Distractibility is one of my biggest weaknesses. Selfishness is my second. Left unchecked, these character flaws hinder my relationships and has hurt those I love. I’d give examples, but I think we all know how it feels to be engaged in a conversation with someone and have the “listener” mentally check out, or tune us out.
It’s really hard to maintain a relationship based on one-way conversations.
A few months ago, after being on the receiving end of conversation-distraction, I started mentally fuming. About halfway through my internal rant, God pricked my spirit with a gentle yet clear reminder of how many times I’d done the same to Him. Of how many times I’ve either ignored His soft voice or checked out in the middle of prayer.
Then there have been times when I heard Him but acted as if I hadn’t. Especially if He was calling me to do something frightening or difficult.
That was how I responded when I first sensed the call to write. God had made Himself incredibly clear–He wanted me to write, full time, for Him. With no guarantee of publication. For all I knew, every word I typed could remain, forever, locked within my keyboard.
But that wasn’t what bothered me most. What made me queasy was the realization that should God expand my reach, readers would potentially learn of my shameful past.
So I told God no.
Not outright. I wasn’t that … openly rebellious. Rather, I pretended not to hear. I asked for clarification, then confirmation, then more clarification.
But I knew what God wanted, and Scripture says, “Remember, it is sin to know what you ought to do and then not do it” (James 4:17).

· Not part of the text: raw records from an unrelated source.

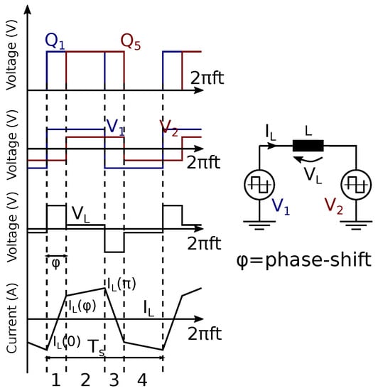 A schematic of a DAB converter is shown in Figure 1: two full bridges (FBs) are connected at the primary and secondary side to a high-frequency transformer with a series input inductor that provides energy storage. The two FBs typically operate at a fixed switching frequency and duty cycle, and the power flow is controlled by regulating the voltage applied to the series inductor by adjusting the time displacement (phase shift) among the gate signals of the two FBs. The symmetrical structure enables bidirectionality, whereas the wide voltage range generation (either in buck or boost mode) is guaranteed by the possibility of alternatively imposing the sum and difference of the input/output voltages across the inductor. The fundamental law of a DAB converter is retrievable analyzing the waveforms in Figure 2. For the sake of clarity, steady-state operations, constant input and output voltages, the absence of a transformer, and single phase-shift (SPS) modulation are assumed. SPS means that the devices within the same FB are ON for half a period at fixed diagonals (for instance, Q1–Q4 share the same gate signal as well as Q2–Q3), while the useful phase-shift lies on the gate signals of devices with different FBs.
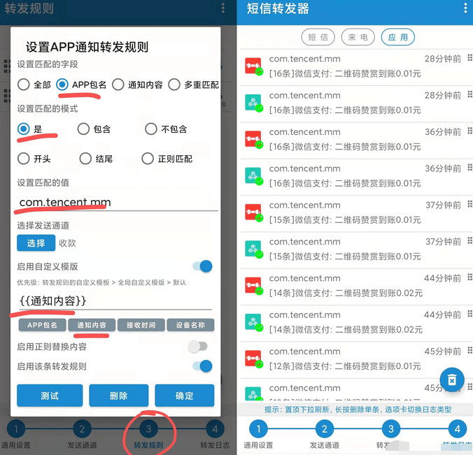 2、选择【转发规则】,点击【应用】,添加转发规则,【APP包名】,选择【是】,包名输入【com.tencent.mm】,选择的发送通道是上一步你创建的通道,下方的模板直接选择通知内容即可。
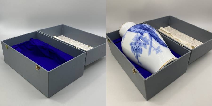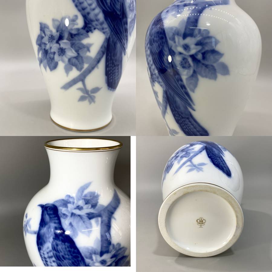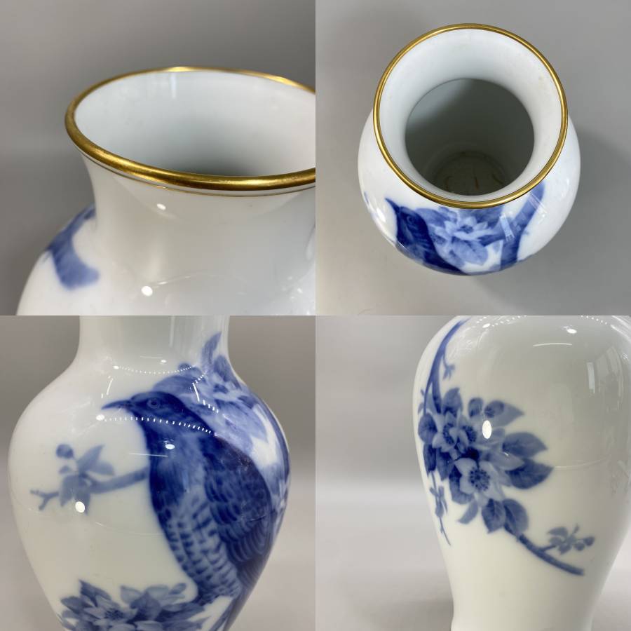 ●大倉陶園 白磁 染付 花鳥文様 花瓶 箱付です。

“That is why the Holy Spirit says, ‘Today when you hear His voice, do not harden your hearts as Israel did when they rebelled, when they tested Me in the wilderness'” (Hebrews 3:7-8).

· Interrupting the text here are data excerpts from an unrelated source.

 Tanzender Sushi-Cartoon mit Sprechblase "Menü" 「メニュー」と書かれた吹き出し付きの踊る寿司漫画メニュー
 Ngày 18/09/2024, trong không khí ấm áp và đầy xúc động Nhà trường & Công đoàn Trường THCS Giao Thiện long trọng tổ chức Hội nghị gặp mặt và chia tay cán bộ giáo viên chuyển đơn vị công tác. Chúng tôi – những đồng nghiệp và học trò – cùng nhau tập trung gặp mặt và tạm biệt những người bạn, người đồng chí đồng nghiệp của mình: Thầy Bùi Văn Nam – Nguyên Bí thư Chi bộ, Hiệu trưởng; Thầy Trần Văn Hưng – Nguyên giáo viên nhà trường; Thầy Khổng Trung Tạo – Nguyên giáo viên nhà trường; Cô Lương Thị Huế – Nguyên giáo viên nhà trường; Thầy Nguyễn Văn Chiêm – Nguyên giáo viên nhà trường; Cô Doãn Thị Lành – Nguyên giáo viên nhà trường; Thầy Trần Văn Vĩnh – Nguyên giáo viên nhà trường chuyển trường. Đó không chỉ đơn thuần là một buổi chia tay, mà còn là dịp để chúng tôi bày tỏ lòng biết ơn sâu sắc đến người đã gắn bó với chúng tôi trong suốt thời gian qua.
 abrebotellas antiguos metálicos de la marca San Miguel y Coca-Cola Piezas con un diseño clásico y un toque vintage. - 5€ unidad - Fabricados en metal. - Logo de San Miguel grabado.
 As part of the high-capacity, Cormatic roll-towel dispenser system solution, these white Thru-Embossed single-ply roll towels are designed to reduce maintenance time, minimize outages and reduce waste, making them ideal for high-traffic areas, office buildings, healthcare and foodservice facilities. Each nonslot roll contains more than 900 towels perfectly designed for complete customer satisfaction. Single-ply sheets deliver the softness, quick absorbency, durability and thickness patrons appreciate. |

I experienced divine silence for about a year, until one day, I’d had enough. I knew, regardless of what lay ahead, I couldn’t live without experiencing God’s daily presence.
I can’t imagine what it felt like for the Israelites to endure 400 years of divine silence. By the time John the Baptist came on the scene, everyone was anxiously awaiting the prophet who would foretell the coming of the Savior. That was John’s role–to proclaim the arrival of Christ and help prepare people’s hearts to receive Him.
As Isaiah, an Old Testament prophet said, speaking of John, “He is a voice shouting in the wilderness, ‘Prepare the way for the Lord’s coming! Clear the road for Him! The valleys will be filled, and the mountains and hills made level. The curves will be straightened, and the rough places made smooth'” (Luke 3:4b-5 NLT).
In this passage, Isaiah is making an analogy for how John would “prepare the way” for the coming Lord by helping remove the obstacles, such as sin and hard-heartedness, that could keep the people of Israel from receiving God’s salvation message.
Each day, countless roadblocks distract me and dull my hearing. Therefore, I need to regularly quiet my thoughts and my heart so that I can rest in God’s presence and hear, truly hear, what He’s wanting to say.
What about you? What are your typical “hearing road blocks” and what are some ways you counter them? Consider this statement: The more we respond to God’s voice, the better we’re able to hear Him. The more we ignore His voice, the more dulled our hearing becomes. Do you agree or disagree, and why?